(Records drawn from a dataset)
══════════════════════════════

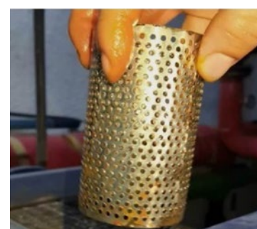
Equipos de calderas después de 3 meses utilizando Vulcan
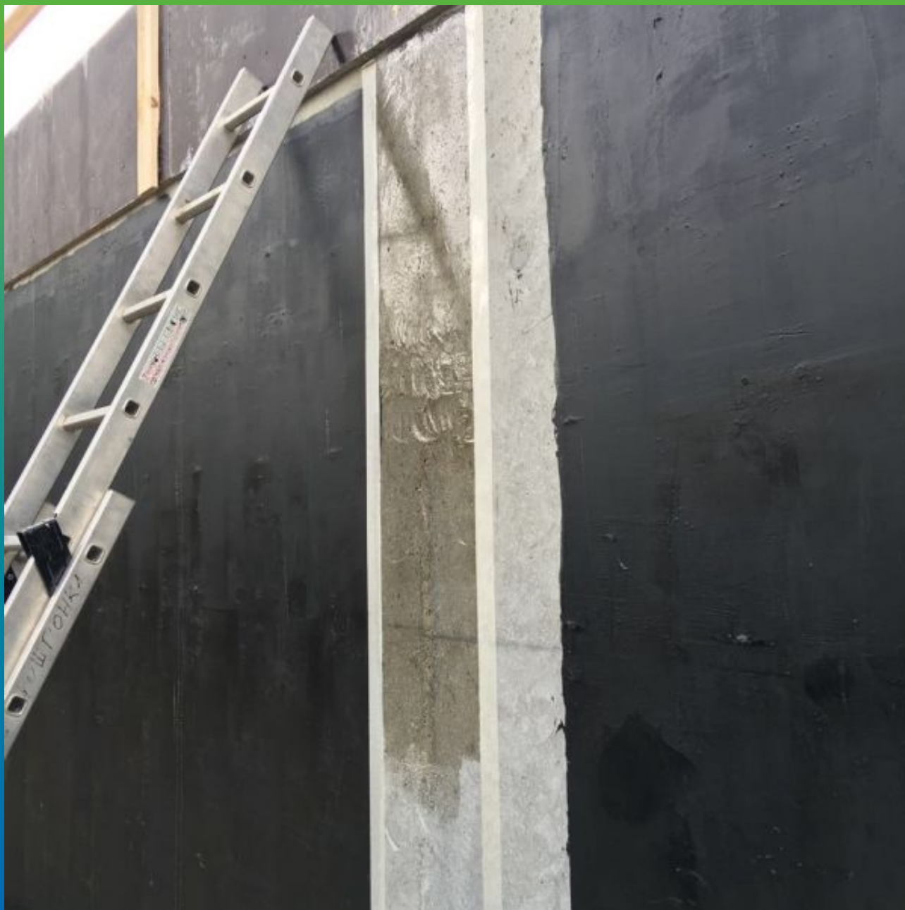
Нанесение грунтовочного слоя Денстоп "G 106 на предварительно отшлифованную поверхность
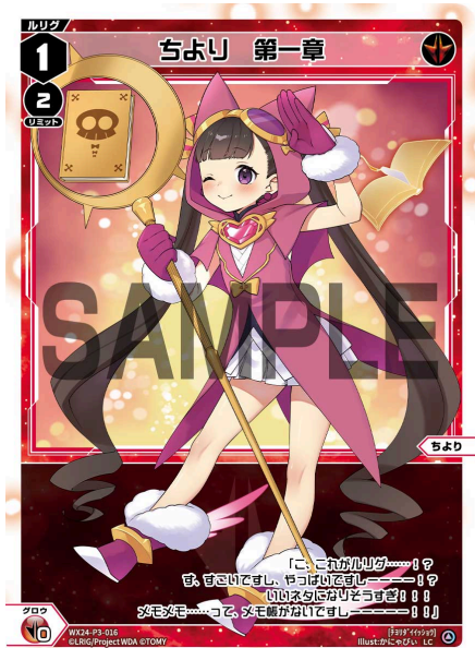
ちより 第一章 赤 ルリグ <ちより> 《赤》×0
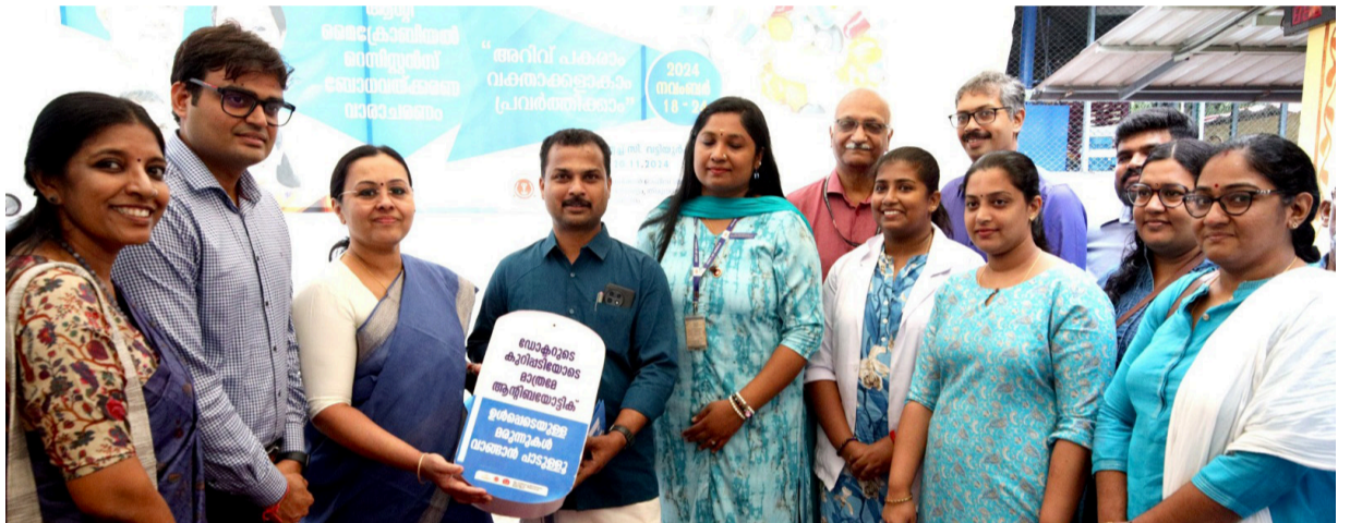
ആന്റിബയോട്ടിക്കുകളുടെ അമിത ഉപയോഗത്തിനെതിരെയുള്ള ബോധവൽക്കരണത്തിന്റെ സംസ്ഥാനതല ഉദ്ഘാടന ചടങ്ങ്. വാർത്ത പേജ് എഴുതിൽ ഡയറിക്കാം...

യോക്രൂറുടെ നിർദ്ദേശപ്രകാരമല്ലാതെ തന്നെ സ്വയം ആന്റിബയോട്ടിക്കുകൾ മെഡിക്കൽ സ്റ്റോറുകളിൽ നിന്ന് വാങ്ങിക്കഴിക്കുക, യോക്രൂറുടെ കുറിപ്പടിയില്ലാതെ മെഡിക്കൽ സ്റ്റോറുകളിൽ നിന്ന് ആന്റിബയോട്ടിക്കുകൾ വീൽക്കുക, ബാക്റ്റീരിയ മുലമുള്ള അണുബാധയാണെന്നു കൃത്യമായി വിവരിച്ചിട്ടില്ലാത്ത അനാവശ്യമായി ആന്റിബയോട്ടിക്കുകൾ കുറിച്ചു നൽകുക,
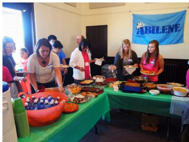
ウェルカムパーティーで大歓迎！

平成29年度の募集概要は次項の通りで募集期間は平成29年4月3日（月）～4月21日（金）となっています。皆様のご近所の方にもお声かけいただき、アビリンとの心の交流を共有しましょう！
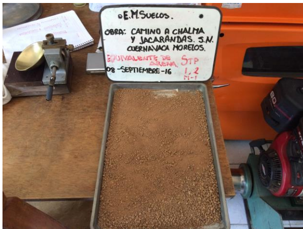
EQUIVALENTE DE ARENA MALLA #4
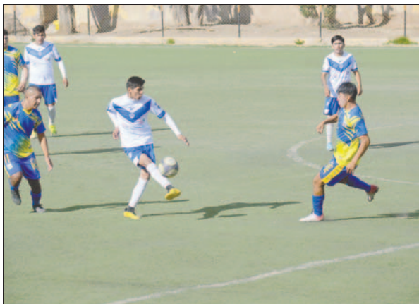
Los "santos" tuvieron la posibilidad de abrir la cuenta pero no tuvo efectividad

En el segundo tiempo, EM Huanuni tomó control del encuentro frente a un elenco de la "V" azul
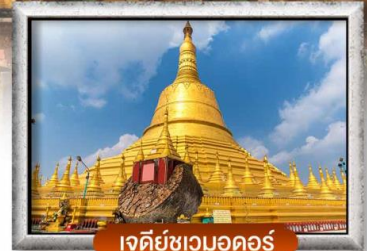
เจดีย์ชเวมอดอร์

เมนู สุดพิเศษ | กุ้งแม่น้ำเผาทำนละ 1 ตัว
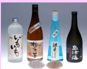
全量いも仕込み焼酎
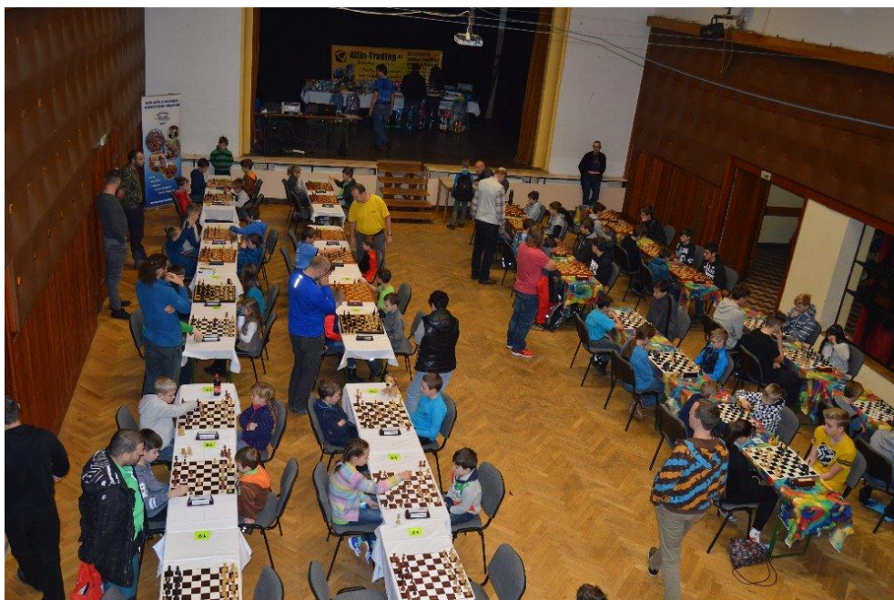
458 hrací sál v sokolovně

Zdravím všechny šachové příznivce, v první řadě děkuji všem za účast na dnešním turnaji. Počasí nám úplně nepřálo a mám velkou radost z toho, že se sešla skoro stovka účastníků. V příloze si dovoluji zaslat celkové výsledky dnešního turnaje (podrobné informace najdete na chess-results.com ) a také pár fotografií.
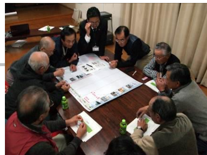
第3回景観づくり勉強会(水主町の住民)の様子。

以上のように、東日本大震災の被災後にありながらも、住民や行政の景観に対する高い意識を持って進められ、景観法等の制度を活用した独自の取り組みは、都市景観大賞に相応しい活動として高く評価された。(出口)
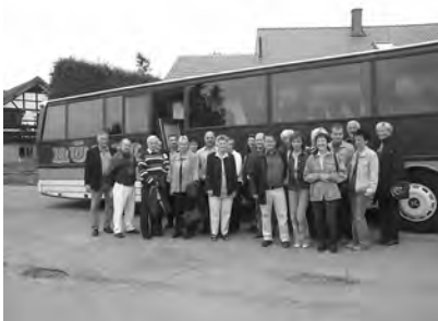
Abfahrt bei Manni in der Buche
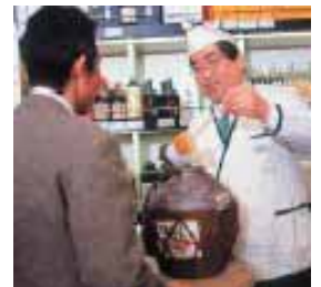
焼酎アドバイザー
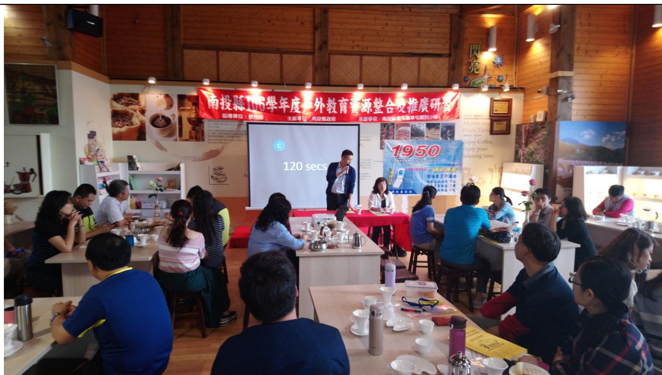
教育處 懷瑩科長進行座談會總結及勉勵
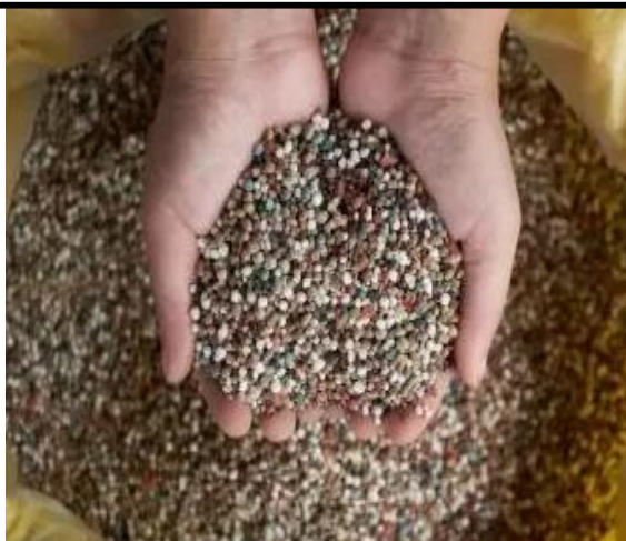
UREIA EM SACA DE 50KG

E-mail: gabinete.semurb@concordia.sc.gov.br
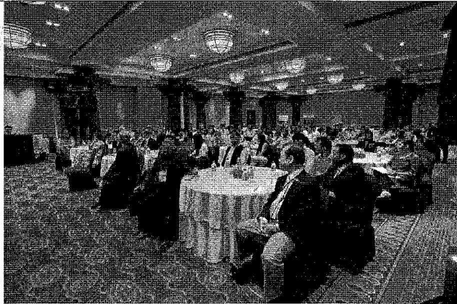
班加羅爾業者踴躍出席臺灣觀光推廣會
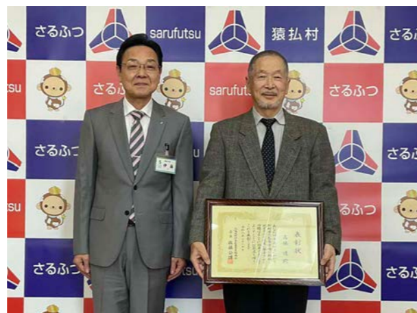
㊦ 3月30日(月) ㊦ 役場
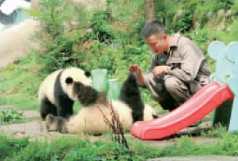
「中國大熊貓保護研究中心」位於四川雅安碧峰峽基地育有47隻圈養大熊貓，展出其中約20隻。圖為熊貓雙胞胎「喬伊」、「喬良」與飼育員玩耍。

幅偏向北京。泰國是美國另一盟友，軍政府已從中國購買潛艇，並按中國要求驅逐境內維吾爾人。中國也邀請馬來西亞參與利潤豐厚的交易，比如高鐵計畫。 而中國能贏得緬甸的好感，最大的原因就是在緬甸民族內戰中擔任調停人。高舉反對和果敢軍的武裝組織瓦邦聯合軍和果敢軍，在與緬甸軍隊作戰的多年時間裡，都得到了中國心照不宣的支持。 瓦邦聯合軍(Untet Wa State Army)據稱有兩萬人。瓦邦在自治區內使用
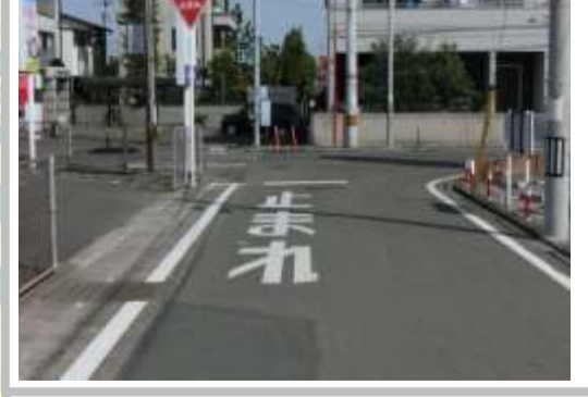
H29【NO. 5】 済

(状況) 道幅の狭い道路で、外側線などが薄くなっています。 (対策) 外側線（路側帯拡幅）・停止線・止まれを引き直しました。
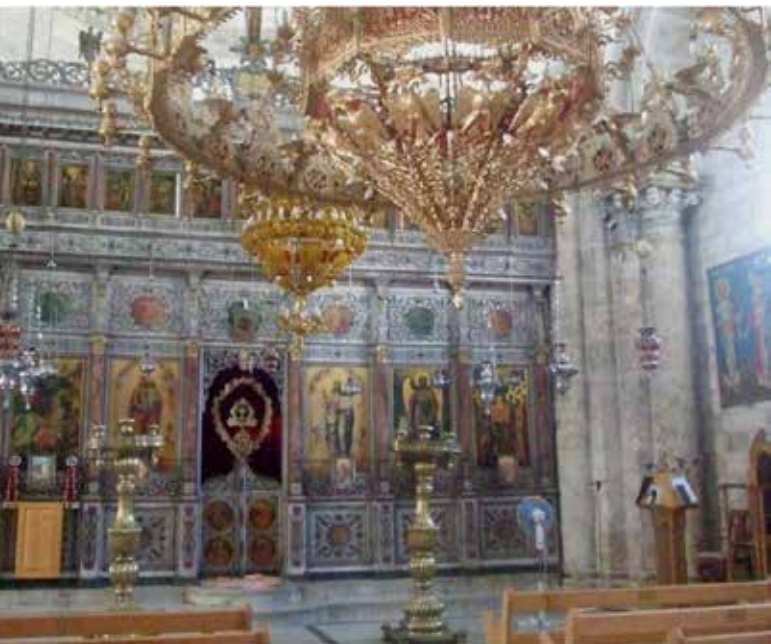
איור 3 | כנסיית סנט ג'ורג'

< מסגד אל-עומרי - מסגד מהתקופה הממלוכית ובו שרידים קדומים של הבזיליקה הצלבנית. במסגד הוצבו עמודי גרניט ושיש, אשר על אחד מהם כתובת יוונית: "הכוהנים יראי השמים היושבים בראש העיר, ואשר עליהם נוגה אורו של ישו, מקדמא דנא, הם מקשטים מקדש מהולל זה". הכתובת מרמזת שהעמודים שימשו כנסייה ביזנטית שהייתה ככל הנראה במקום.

══════════════════════════════

EXERCISE REQUIREMENTS >> Copy the lines above exactly, starting at the one with "第3回景観づくり勉強会(水主町の住民)の様子。" and ending at the one with "איור 3 | כנסיית סנט ג'ורג'", both included. Leave out any pictures and add nothing else.

ANSWER TO THIS EXERCISE >>
第3回景観づくり勉強会(水主町の住民)の様子。

以上のように、東日本大震災の被災後にありながらも、住民や行政の景観に対する高い意識を持って進められ、景観法等の制度を活用した独自の取り組みは、都市景観大賞に相応しい活動として高く評価された。(出口)
Abfahrt bei Manni in der Buche
焼酎アドバイザー
教育處 懷瑩科長進行座談會總結及勉勵
UREIA EM SACA DE 50KG

E-mail: gabinete.semurb@concordia.sc.gov.br
班加羅爾業者踴躍出席臺灣觀光推廣會
㊦ 3月30日(月) ㊦ 役場
「中國大熊貓保護研究中心」位於四川雅安碧峰峽基地育有47隻圈養大熊貓，展出其中約20隻。圖為熊貓雙胞胎「喬伊」、「喬良」與飼育員玩耍。

幅偏向北京。泰國是美國另一盟友，軍政府已從中國購買潛艇，並按中國要求驅逐境內維吾爾人。中國也邀請馬來西亞參與利潤豐厚的交易，比如高鐵計畫。 而中國能贏得緬甸的好感，最大的原因就是在緬甸民族內戰中擔任調停人。高舉反對和果敢軍的武裝組織瓦邦聯合軍和果敢軍，在與緬甸軍隊作戰的多年時間裡，都得到了中國心照不宣的支持。 瓦邦聯合軍(Untet Wa State Army)據稱有兩萬人。瓦邦在自治區內使用
H29【NO. 5】 済

(状況) 道幅の狭い道路で、外側線などが薄くなっています。 (対策) 外側線（路側帯拡幅）・停止線・止まれを引き直しました。
איור 3 | כנסיית סנט ג'ורג'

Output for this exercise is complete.